■ Stored data entries:
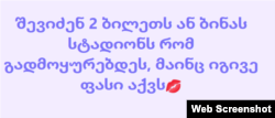 „მინდა სტადიონზე ვთხოვო ხელი ჩემს შეყვარებულს, მჭირდება 2 ბილეთი. ვინც მაჩუქებს, ქორწილში დავპატიჟებ“.
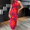 AX Paris Teal Sparkle One Shoulder Gathered Midi Dress
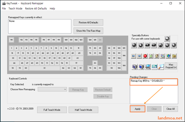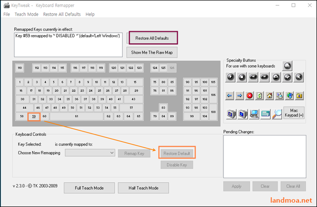 만약, 여러 개의 키를 제어한 경우는 상단 중앙에 있는 [Restore All Default]키를 누르시면 됩니다.
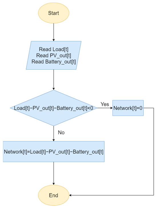When both the PV production and battery storage do not suffice for load satisfaction, the system imports power from the grid, the amount being calculated as shown in Figure 8.
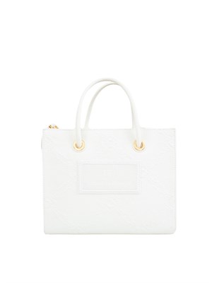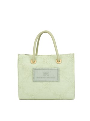 Brand: ELISABETTA FRANCHIBorsa tote piccola Elisabetta Franchi realizzata in rafia jacquard con disegno a losanghe, impreziosita da dettagli in metallo dorato per una nota di luce. Una patch con logo ricamato completa l'accessorio. Dimensioni: 25 x 20 x 12 cm
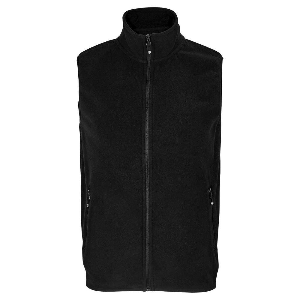 Zippered sleeveless unisex microfiber vest. Zipped side pockets and main opening with contrasting zip pull. Reinforced band on collar. Elastic bias at armholes and bottom of body.

■ WORK TASK: Write out, word for word, the lines running from the one containing "AX Paris Teal" to the end of the data above; the pictures are to be left out.

■ TASK ANSWER:
 AX Paris Teal Sparkle One Shoulder Gathered Midi Dress
 만약, 여러 개의 키를 제어한 경우는 상단 중앙에 있는 [Restore All Default]키를 누르시면 됩니다.
When both the PV production and battery storage do not suffice for load satisfaction, the system imports power from the grid, the amount being calculated as shown in Figure 8.
 Brand: ELISABETTA FRANCHIBorsa tote piccola Elisabetta Franchi realizzata in rafia jacquard con disegno a losanghe, impreziosita da dettagli in metallo dorato per una nota di luce. Una patch con logo ricamato completa l'accessorio. Dimensioni: 25 x 20 x 12 cm
 Zippered sleeveless unisex microfiber vest. Zipped side pockets and main opening with contrasting zip pull. Reinforced band on collar. Elastic bias at armholes and bottom of body.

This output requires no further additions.